Parole officers keep track of people who have just been released from prison, the guys and gals who must check in weekly or monthly to let the state know they're not drinking, not dealing, not hoarding pornography, or harassing their girlfriend—depending on why they went to prison in the first place. If they stay clean, they stay free. When parolees relapse or skip meetings, Kates or Arthur issue a warrant and try to find them in whatever street or ditch they've landed.

The team has a new tool to help them track down parolees who've disappeared: bikes.

The Multnomah County Department of Community Justice purchased two bicycles last month. Only five of its 120 parole officers have undergone the 40 hours of training required to ride, but District Manager Pat Schreiner is enthusiastic that bikes are the future of parole patrol.

"People are more willing to talk to someone on a bike than an authority figure in the car," says Schreiner. Though the county shelled out about $1,500 for two hardy Focus mountain bikes and equipment, Schreiner expects to save money in the long run. "If they are able to connect with people out in the community who were reluctant to call in, it will save us a bunch of money because we'll save on court costs and issuing warrants."

On the street, Kates attracts hoots and hollers from the rough and tumble crowd outside Sisters of the Road when he lifts his bike up on his shoulder to enter the West Hotel.

"Ooo! Muscle man!" shouts a former parolee from the corner.

"Hey! You want a true Marine to watch your bikes?" asks another man. A third parolee, with an eye patch and few teeth, walks over to check us out, an unusual trio on bikes. Arthur and Kates have a key to the West (they check in on two parolees here), but they left it at the office.

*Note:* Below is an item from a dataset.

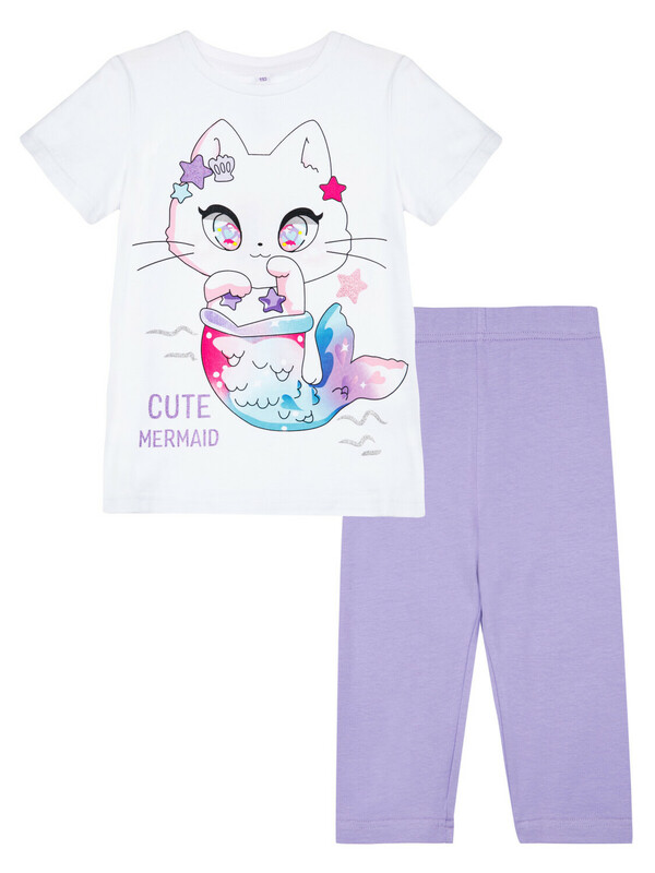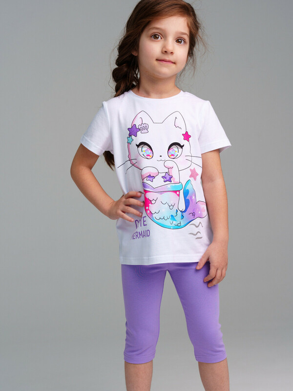 Комплект: футболка regular fit и укороченные легинсы из качественного эластичного и приятного на ощупь трикотажа. Эластичный пояс. Высокое содержание хлопка 95%. Благодаря наличию эластана в составе ткани изделие держит форму и меньше мнется.

We're locked out.

"How are you doing?" Kates asks the eye-patch guy.

"I'm alive!" he replies, placing a finger on his neck below his whiskery beard. "Wait, let me check my pulse," he jokes.

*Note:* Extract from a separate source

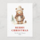 Cette carte postale de vacances confortable présente une aquarelle illustrant un ours brun mignon. Les mots "MERRY CHRISTMAS" apparaissent dans des lettres serif rouge rond qui se coordonnent avec l'art. Ajoutez le nom de votre famille et l'année à l'avant en italique gris fusain, et votre adresse de retour et un bref message au verso.
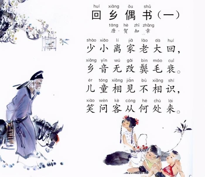 贺知章回到家乡安度晚年的时候写了一首诗:

"People are more willing to talk to you on a bike," Kates says to me. "When you roll by in a car, I don't know, maybe people think it's a short trip from talking to you to being arrested and being in the back of the car."

The more people there are who will talk to them, the more likely they are to find someone who's slipped away.

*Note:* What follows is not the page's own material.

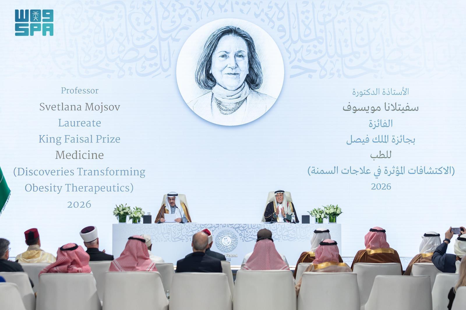 وفي فرع الطب، وموضوعه «الاكتشافات المؤثرة في علاجات السمنة»، فازت بالجائزة البروفيسورة سفيتلانا مويسوف، أستاذة جامعة روكفلر بالولايات المتحدة الأمريكية، نظير إسهاماتها الرائدة في اكتشاف ببتيد شبيه الغلوكاغون (GLP-1)، وما أسهم به عملها العلمي في تطوير علاجات حديثة لمرض السكري والسمنة.

Arthur and Kates are each responsible for about 50 guys, mostly sex offenders. We're eventually let into the West Hotel and carry our bikes up a long flight of red, wooden stairs.

"It's not an easy transition. You take guys who've lived the criminal lifestyle all their lives, throw 'em in jail and expect them to be totally different when they get out. That's not going to happen," says Arthur. Biking to a parolee's house unannounced or rolling past him on the street, the officers can see who he's hanging out with and what his life looks like.

A parolee who lives at the far end of the hall has hung decorative antlers and a Slinky from his ceiling. He asks how he can go about collecting cans to return for nickels, since he's banned from having beer cans in his room.

"You'd have to just return them right away," says Arthur. "And if Ron or I roll by and see you with a bunch of beer cans, expect to be peeing in a cup."